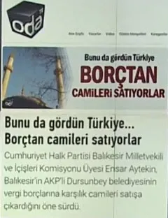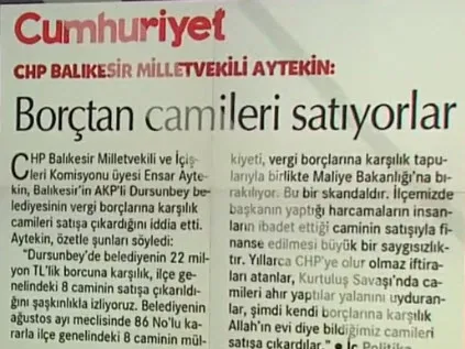 Cumhuriyet Halk Partisi Balıkesir Milletvekili ve İçişleri Komisyonu Üyesi Ensar Aytekin, Balıkesir'in AK Partili Dursunbey belediyesinin vergi borçlarına karşılık camileri satışa çıkardığını öne sürdü.
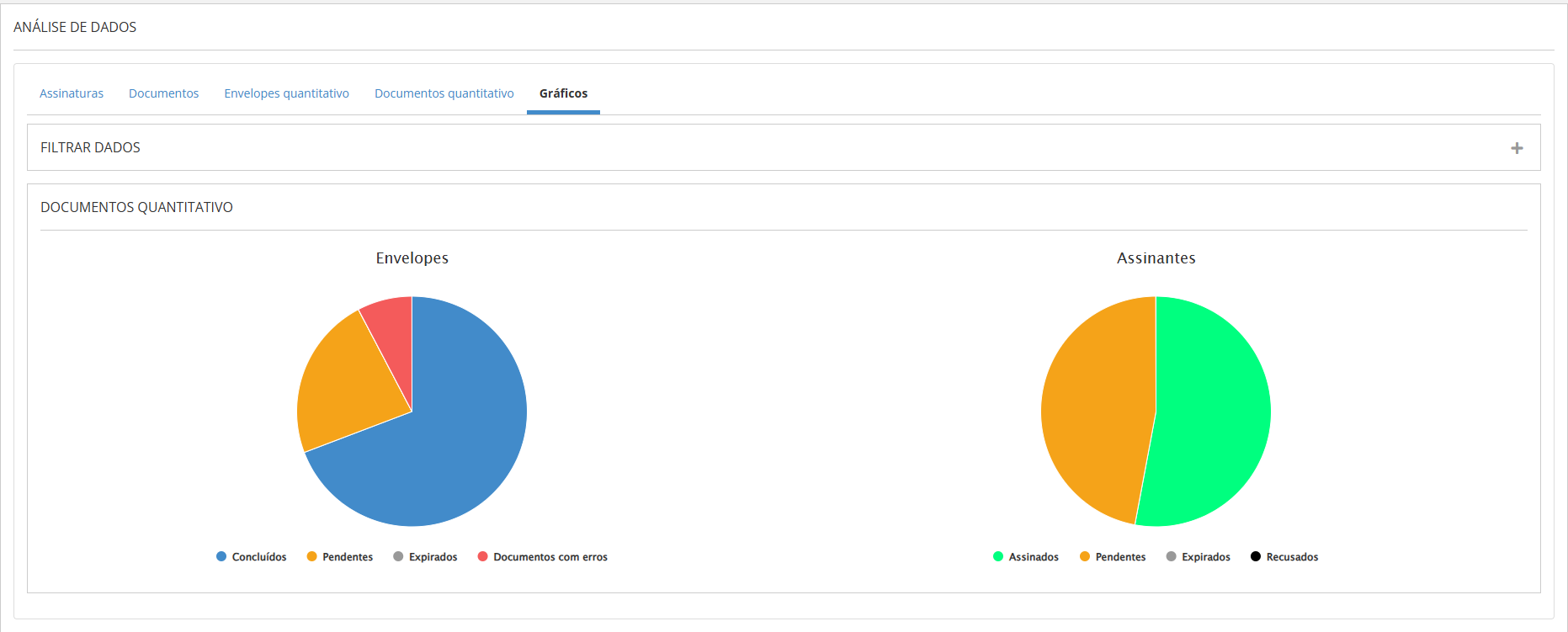 Já o gráfico de Assinantes também aplica o filtro sobre os envelopes, mas realiza a contagem baseada nas assinaturas em vez dos envelopes. Os totais são divididos conforme os status das assinaturas. Importante: nesta consulta, o status do envelope não é considerado. Portanto, se o envelope estiver com erro, mas suas assinaturas estiverem pendentes, essas assinaturas serão contabilizadas como pendentes no gráfico de Assinantes.
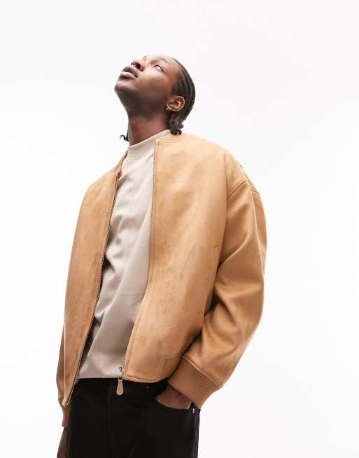 Topman – Ljusbrun bomberjacka i oversize av mockaimitation
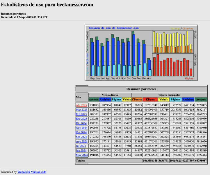 Beckmesser, la web de música clásica más influyente con más de 6,500 millones de visitas en los últimos dos años y medio, obtuvo un promedio de 11.313 visitas diarias, 350.719 visitas únicas y 2.013.055 páginas leídas en marzo de 2025. En Youtube cuenta con más de 2.200 suscriptores.
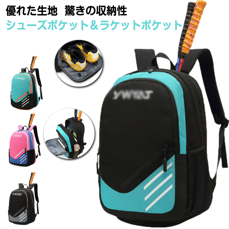 持ち運び簡単 ラケットバッグ 2 3本バドミントン 旅行用 バックパック ケース リュック ラケット3本収納 靴収納 スポーツ 多機能型 テニスラケットバッグ バドミントン バック 防水素材
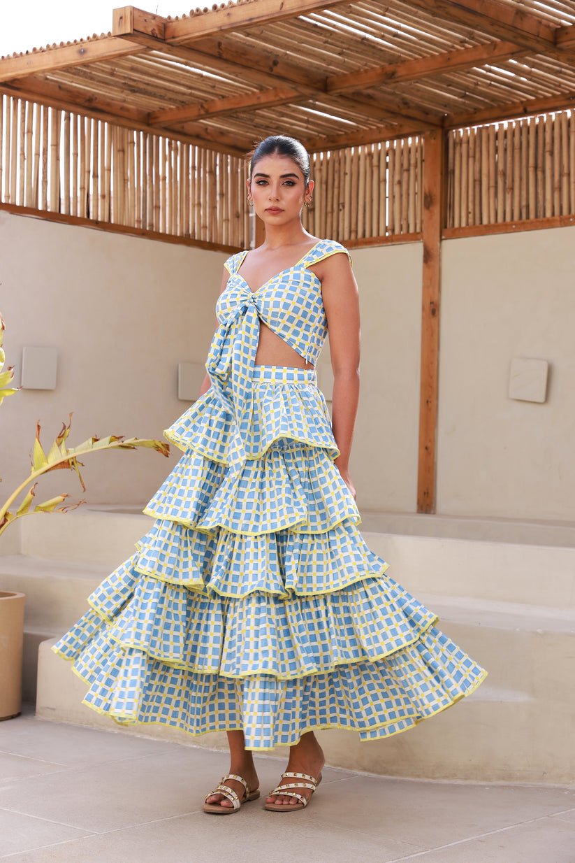 Blue Tie-Shoulder Midi
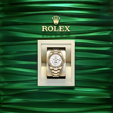 L’Oyster Perpetual Sky‑Dweller en Or jaune 18 ct est dotée d’un cadran blanc et d’un bracelet Oyster.
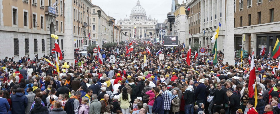 Due nuovi santi per la Chiesa, Papa Giovanni Paolo II e Giovanni XXIII. Papa Francesco, davanti a un’immensa folla – 800 mila persone, stando alle stime della Sala stampa vaticana -, che dalle 5:30 del mattino ha invaso via della Conciliazione e piazza San Pietro, ha letto la formula di canonizzazione per Angelo Giuseppe Roncalli e Karol Wojtyla: “Ad onore della Santissima Trinità, per l’esaltazione della fede cattolica e l’incremento della vita cristiana, con l’autorità di nostro Signore Gesù Cristo, dei Santi Apostoli Pietro e Paolo e Nostra, dopo aver lungamente riflettuto, invocato più volte l’aiuto divino e ascoltato il parere di molti Nostri Fratelli nell’Episcopato, dichiariamo e definiamo Santi i Beati Giovanni XXIII e Giovanni Paolo II e li iscriviamo nell’Albo dei Santi e stabiliamo che in tutta la Chiesa essi siano devotamente onorati tra i Santi. Nel nome del Padre, del Figlio e dello Spirito Santo”. Una grande ovazione della piazza ha sottolineato la solennità del momento.

※ ※ ※

### [Assignment]
Find the line with "Blue Tie-Shoulder Midi" in the entries above. Set down exactly every line from it up to and including the line with "L’Oyster Perpetual Sky‑Dweller", images excluded.

### [Task result]
 Blue Tie-Shoulder Midi
 L’Oyster Perpetual Sky‑Dweller en Or jaune 18 ct est dotée d’un cadran blanc et d’un bracelet Oyster.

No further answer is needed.